Re: c_str from anonymous std::string
On Dec 13, 12:39 am, "MikeWhy" <boat042-nos...@yahoo.com> wrote:
Goran wrote:
On Dec 12, 8:57 am, Andrew Tomazos <and...@tomazos.com> wrote:
class X
{
operator std::string(); // stringify X instance
};
void f(const char*);
X x = ...
f(string(x).c_str());
According to the C++11 standard, will the destructor of std::string
be called before or after the call to f, or is it undefined?
My understanding is that such temporaries is destroyed when statement
is finished, which, here, is after the semicolon.
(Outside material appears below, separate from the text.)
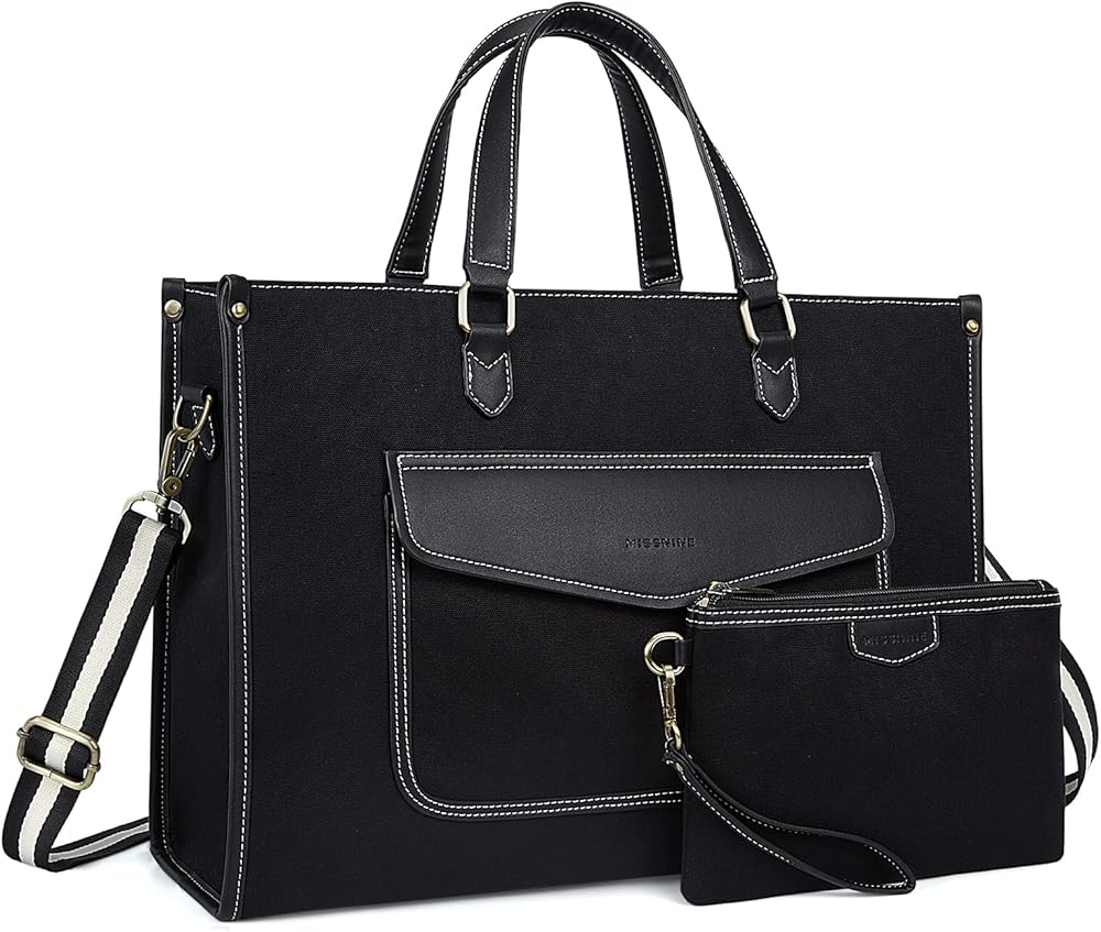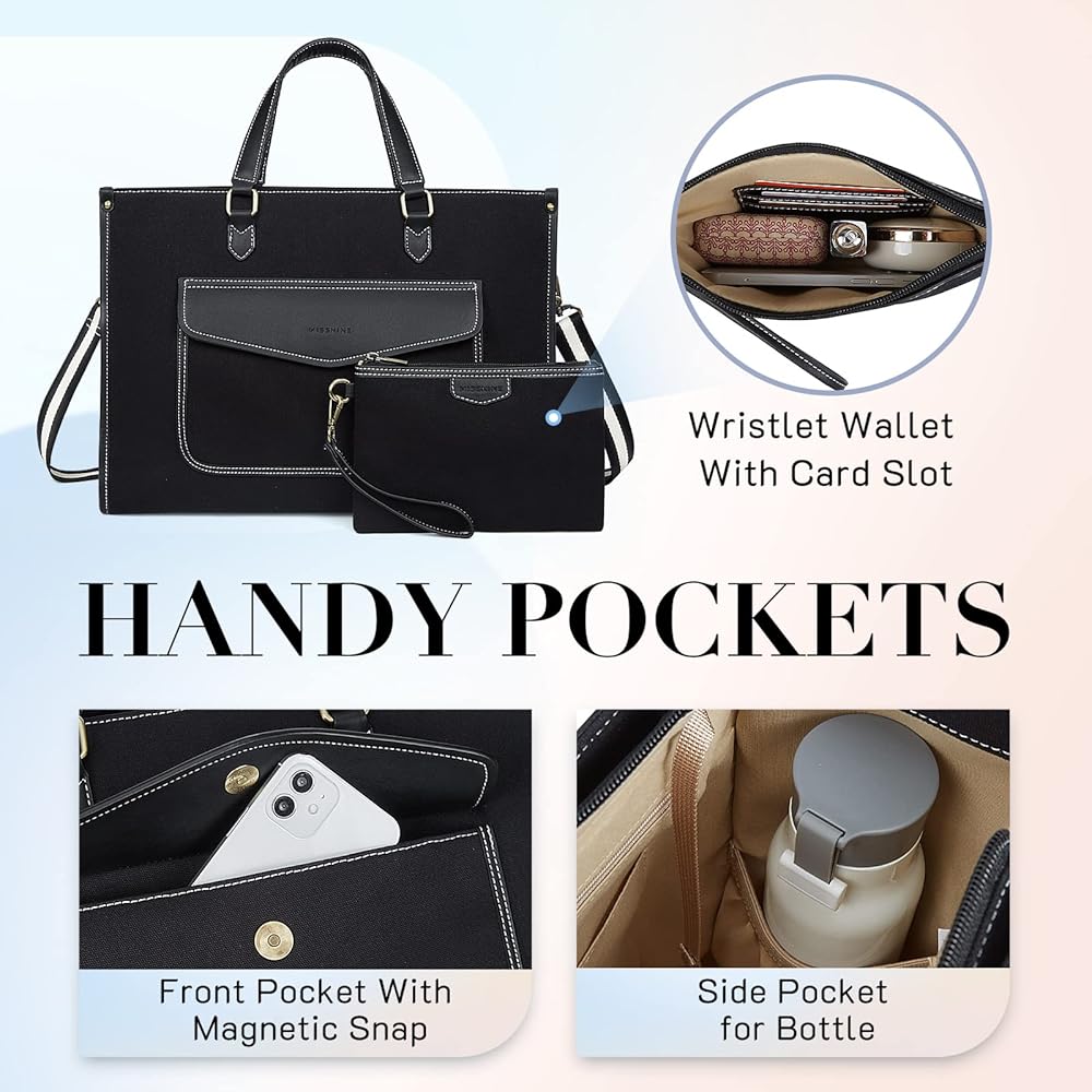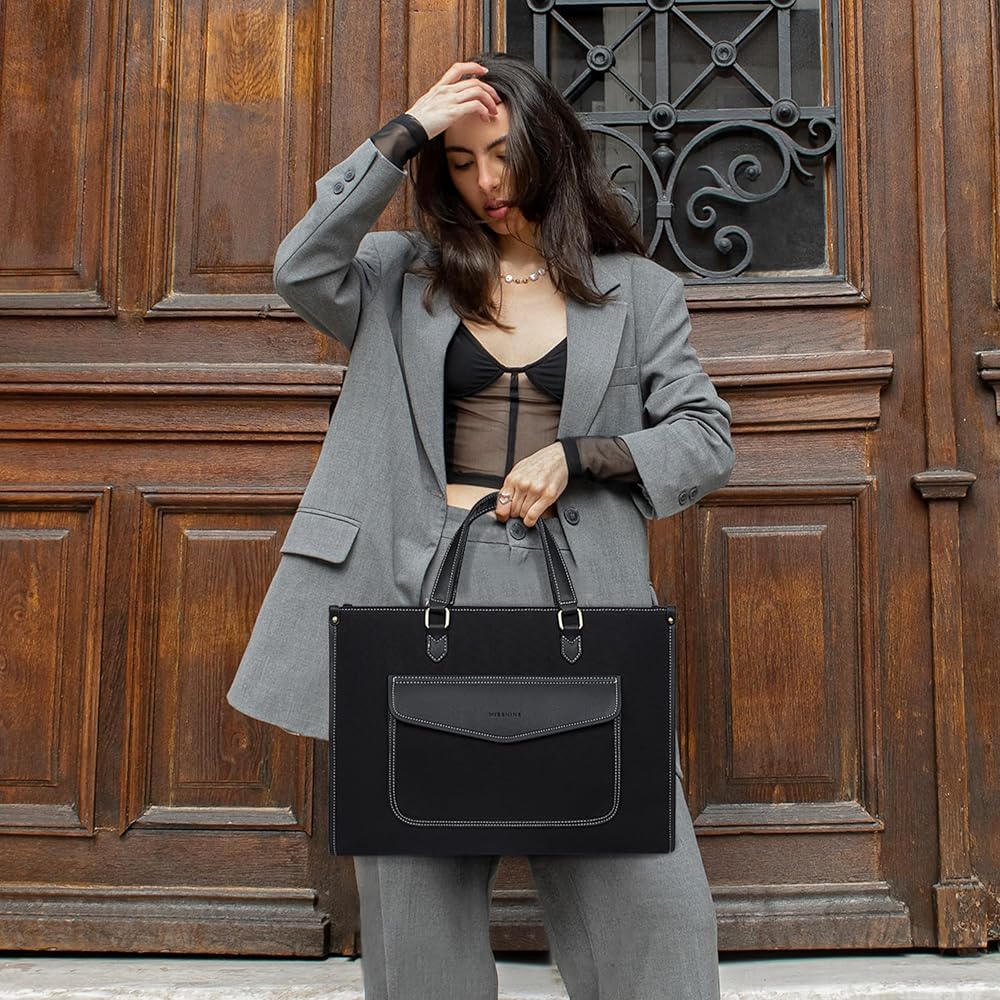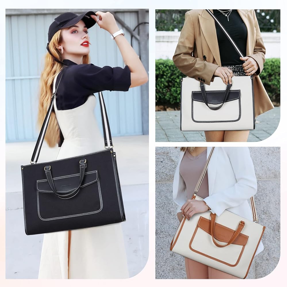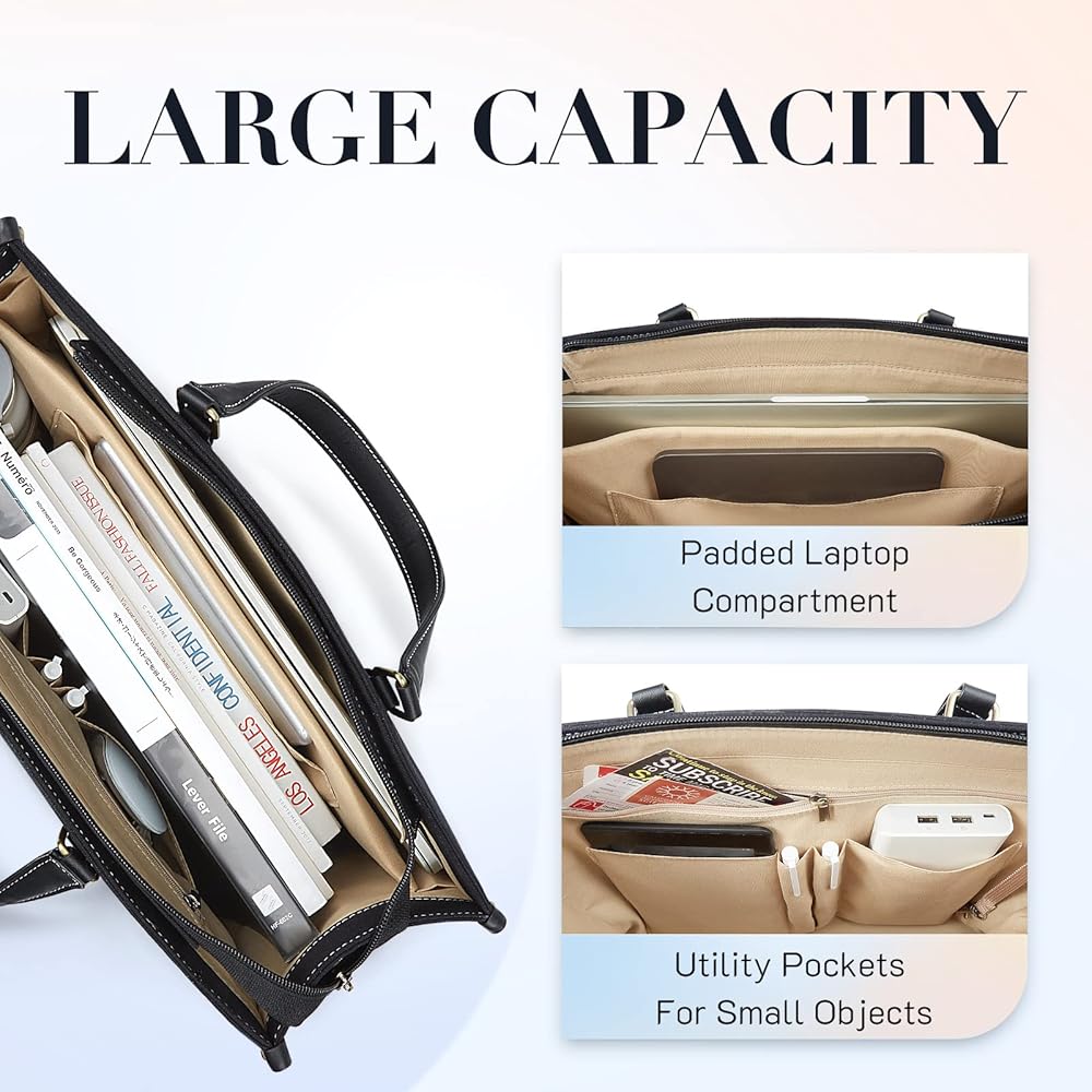 Structured Laptop Bag - 16.1”L x 12.2”H x 5.5”W, secured with zipper closure, the tote bag features a separate padded laptop compartment for your laptop up to 15.6'', a tablet slot for 10.9'' iPad, plus 5 inner pockets for your small items.

It should be further noted that "string(x)" here is an explicit C-style
typecast, syntactically identical to "((std::string)x)", followed by copy
construction of std::string, creating not just one, but *two* temporary
std::string.
$ cat < test.cpp
#include <iostream>
using namespace std;
class A
{
public:
A() { cout << "d"; }
A(const A& a) : x(a.x) { cout << "c"; }
int getx() const { return x; }
int x;
};
class B
{
public:
B(int i) : x(i) {}
operator A() { A a; a.x = x; return a; }
int x;
};
void f(int x) { cout << x << endl; }
int main(int argc, char** argv)
{
B b(argc);
f(A(b).getx());
}
$ g++ test.cpp
$ ./a.out
d1
I only count one d. :)
Due to the return value optimization...
<http://en.wikipedia.org/wiki/Return_value_optimization>
What a nasty bit of business. This isn't real code, is it? Just
some contrived nastiness to astonish and dismay job applicants?
Imagine how much less embarrassed you would be if you stated it this
way:
"I think that two temporaries will be created, won't they?"
and left it at that. ;)
Enjoy,
Andrew.